Discuss the monotonicity of the following function without using differentiation.

The function is odd, so it's enough to consider $x > 0$.

We have $$f(y) - f(x)= (y-x)\left(1 - \frac{9}{xy}\right).$$

Now, if $x < y \leq 3$, then $xy < 9$, and this shows that $f(y) - f(x) < 0$. So $f$ is strictly decreasing on $(0,3]$.

But if $3 \leq x < y$, then $xy > 9$, so $f(y) - f(x) > 0$. Hence $f$ is strictly increasing on $[3,+\infty)$.


As $f$ is odd, it suffices to consider the case $x>0$.

One can verify in a straightforward manner that

$$f(x):=x+\dfrac{9}{x}=6 \cosh \left(\ln\left(\dfrac{x}{3}\right)\right).$$

Let us write this equality as:

$$f(x)=g(\cosh(\ln(h(x)))) \ \ \ \text{where} \ g, \ h \ \ \text{resp. denote multiplication by} \ \ 6 \ \text{and} \ 1/3.$$

Two cases:

  • for $x>3$ (where $\ln(x/3)> 0$), $f$ is a composition of 4 increasing functions (because the hyperbolic cosine is computed on $> 0$ values, thus is an increasing function.
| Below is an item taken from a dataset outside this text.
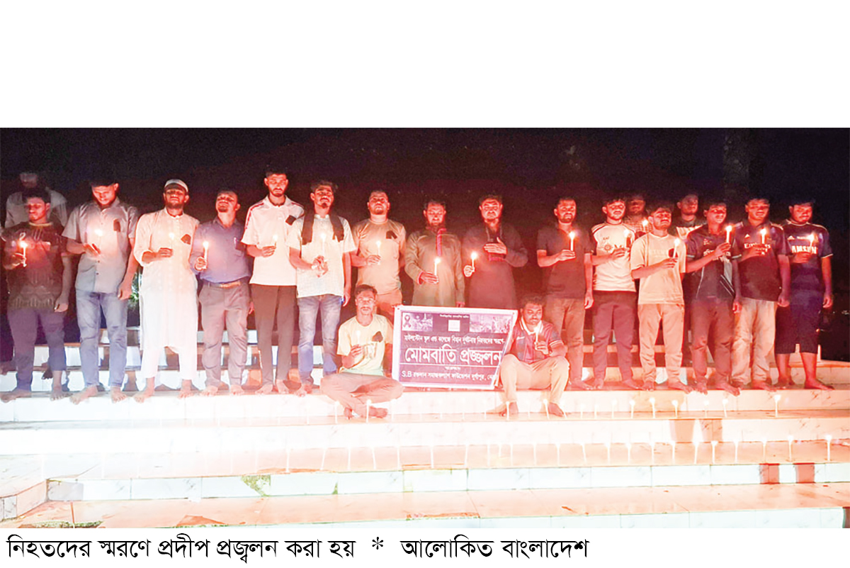 ঢাকার উত্তরার মাইলস্টোন স্কুল অ্যান্ড কলেজ এলাকায় যুদ্ধবিমান বিধ্বস্ত হয়ে শিক্ষার্থীসহ নিহতদের স্মরণে নেত্রকোনার দুর্গাপুরে মোমবাতি প্রজ্বলন কর্মসূচি পালন করেছে স্বেচ্ছাসেবী সংগঠন এসবি রক্তদান সমাজ কল্যাণ ফাউন্ডেশন। গত মঙ্গলবার রাতে পৌর শহরের কেন্দ্রীয় শহিদ মিনারে এ কর্মসূচি অনুষ্ঠিত হয়। এসময় প্রজ্বলিত মোমবাতি হাতে নিয়ে নিহতদের স্মরণে এক মিনিট নীরবতা পালন করেন উপস্থিতি সবাই। সেই সঙ্গে তাদের আত্মার মাগফিরাত কামনা এবং আহতদের দ্রুত সুস্থতা কামনা করেন অংশগ্রহণকারীরা। কর্মসূচিতে উপস্থিত ছিলেন- উপজেলা সমাজসেবা কর্মকর্তা মাসুল তালুকদার, প্রেসক্লাবের সাধারণ সম্পাদক মাসুম বিল্লাহ, এসবি রক্তদান সমাজ কল্যাণ ফাউন্ডেশনের সভাপতি সৈকত সরকার, কবি মাহমুদুল হাসান শাওন, সাংবাদিক ওয়ালী হাসান কলি, বৈষম্যবিরোধী ছাত্র আন্দোলন নেত্রকোনা জেলা শাখার যুগ্ম আহ্বায়ক রাতুল খান রুদ্র সহ সংগঠনের সদস্যরা। অংশগ্রহণকারীরা বলেন, উত্তরায় প্রশিক্ষণ বিমান বিধ্বস্ত ও মাইলস্টোন স্কুল-কলেজে ঘটে যাওয়া ভয়াবহ এই দুর্ঘটনা আমাদের সবাইকে গভীরভাবে নাড়া দিয়েছে। সন্তানহারা মা-বাবার কান্না সারা দেশের মানুষকে শোকার্ত করে তুলেছে। আমরা অবিলম্বে ঘটনার সুষ্ঠু তদন্ত, নিহতদের যথাযথ ক্ষতিপূরণ এবং আহতদের সুচিকিৎসা নিশ্চিত করার দাবি জানাচ্ছি। ভবিষ্যতে যাতে আর কোনো বিদ্যালয়ের ওপর এমন দুর্ঘটনা না ঘটে, তার জন্য সরকারকে যথাযথ ব্যবস্থা গ্রহণের আহ্বান জানান তারা।

  • for $0<x<3$ (where $\ln(x/3)<0$), $f$ is a composition of three increasing functions ($g,h$ and $\ln$) and a decreasing function (cosh is decreasing on $(-\infty,0)$), thus, $f$ a decreasing function.
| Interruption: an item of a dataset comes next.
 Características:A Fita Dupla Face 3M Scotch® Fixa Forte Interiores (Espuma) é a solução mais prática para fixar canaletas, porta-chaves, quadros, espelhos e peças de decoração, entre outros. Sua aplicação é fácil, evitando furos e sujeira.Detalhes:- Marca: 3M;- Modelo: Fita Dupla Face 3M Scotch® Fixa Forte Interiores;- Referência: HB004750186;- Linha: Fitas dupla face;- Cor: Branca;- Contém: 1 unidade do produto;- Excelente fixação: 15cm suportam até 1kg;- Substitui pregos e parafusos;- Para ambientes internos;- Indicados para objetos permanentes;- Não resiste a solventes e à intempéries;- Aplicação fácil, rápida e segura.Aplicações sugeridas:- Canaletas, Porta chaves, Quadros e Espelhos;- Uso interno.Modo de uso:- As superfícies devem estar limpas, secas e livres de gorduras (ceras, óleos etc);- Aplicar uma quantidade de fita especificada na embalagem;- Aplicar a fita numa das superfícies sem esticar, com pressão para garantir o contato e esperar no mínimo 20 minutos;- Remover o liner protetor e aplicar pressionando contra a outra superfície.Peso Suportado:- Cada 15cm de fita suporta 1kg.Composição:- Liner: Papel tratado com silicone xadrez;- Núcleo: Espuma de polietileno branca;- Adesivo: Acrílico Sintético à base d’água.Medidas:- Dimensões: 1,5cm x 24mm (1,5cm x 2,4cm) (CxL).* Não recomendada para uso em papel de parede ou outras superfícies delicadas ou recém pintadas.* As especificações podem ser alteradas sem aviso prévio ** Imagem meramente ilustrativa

Assume that $y\geq x$. Then study the sign of

$$f(y)-f(x)=(y-x)[1-9/xy]$$

The $(y-x)\geq0$. So, all it matters is the sign of $1-9/xy$.

This inequality can be solved without (infinitesimal) calculus

$$1-9/xy\geq0$$

$$\frac{xy-9}{xy}\geq0$$

Now divide the plane in regions using the two axes $x=0$, $y=0$ and the hyperbola $xy=9$.